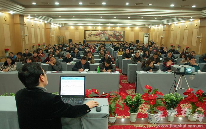 海通證券蘭州業(yè)務(wù)總部總經(jīng)理助理韓偉華、海通證券天水服務(wù)部經(jīng)理蘇藝以及我市投資者300余人參加了報(bào)告會(huì)。
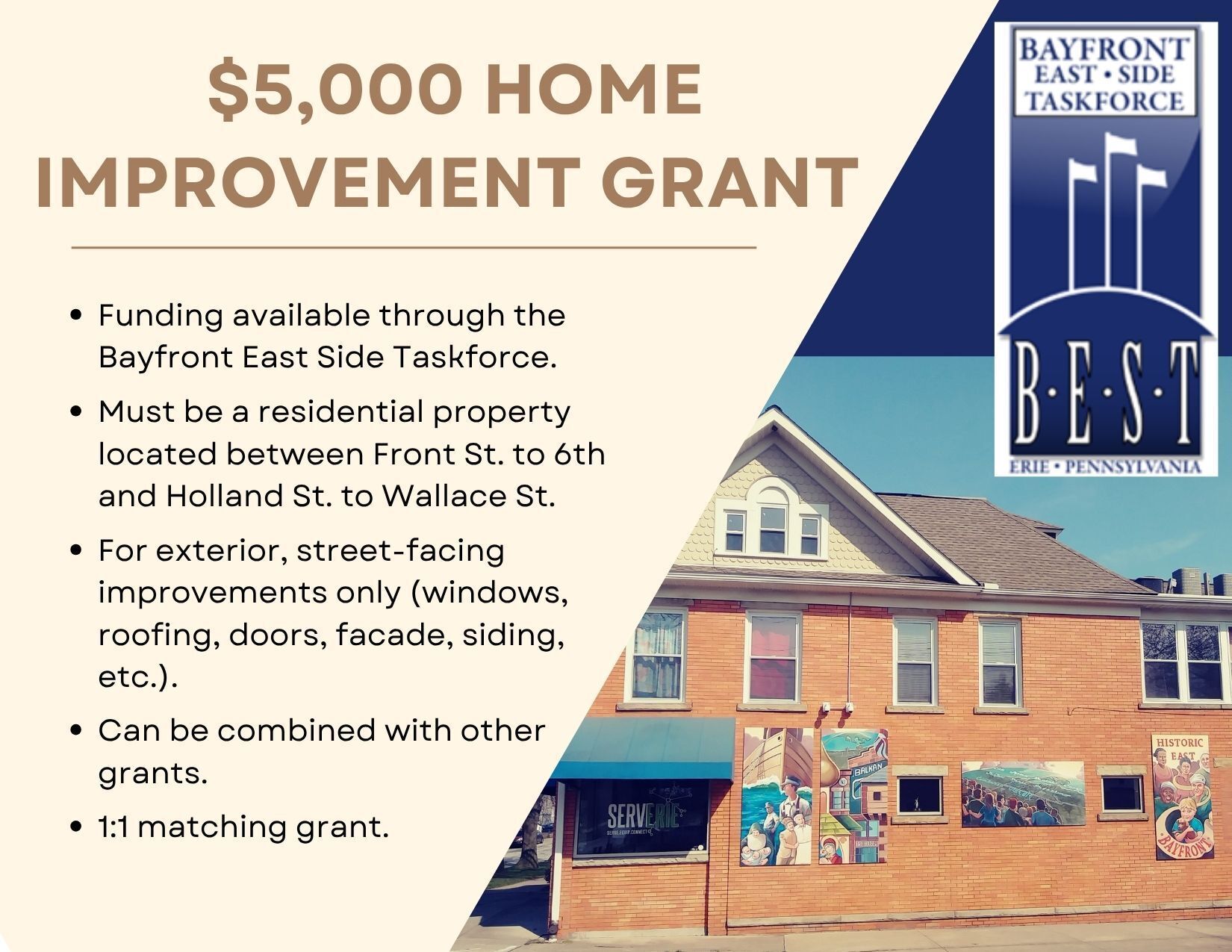 The Bayfront East Side Taskforce provides neighborhood homeowners the opportunity to access grant funding to improve and rehab their property’s exteriors. This funding is awarded in an effort to beautify our neighborhood through restoring home facades, addressing code violations, and emergency repairs. Funding for these types of improvements are grant related, so please check our website and contact us to see what other resources are currently available.
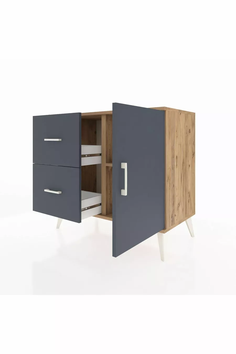 خزانة هايبرون بدرج واحد ورف واحد وباب واحد - خشب الصنوبر والأنثراسيت

··········

WORK REQUEST - Give an exact copy of the listing above that leaves out every picture.

ANSWER FOR THIS EXERCISE -
 海通證券蘭州業(yè)務(wù)總部總經(jīng)理助理韓偉華、海通證券天水服務(wù)部經(jīng)理蘇藝以及我市投資者300余人參加了報(bào)告會(huì)。
 The Bayfront East Side Taskforce provides neighborhood homeowners the opportunity to access grant funding to improve and rehab their property’s exteriors. This funding is awarded in an effort to beautify our neighborhood through restoring home facades, addressing code violations, and emergency repairs. Funding for these types of improvements are grant related, so please check our website and contact us to see what other resources are currently available.
 خزانة هايبرون بدرج واحد ورف واحد وباب واحد - خشب الصنوبر والأنثراسيت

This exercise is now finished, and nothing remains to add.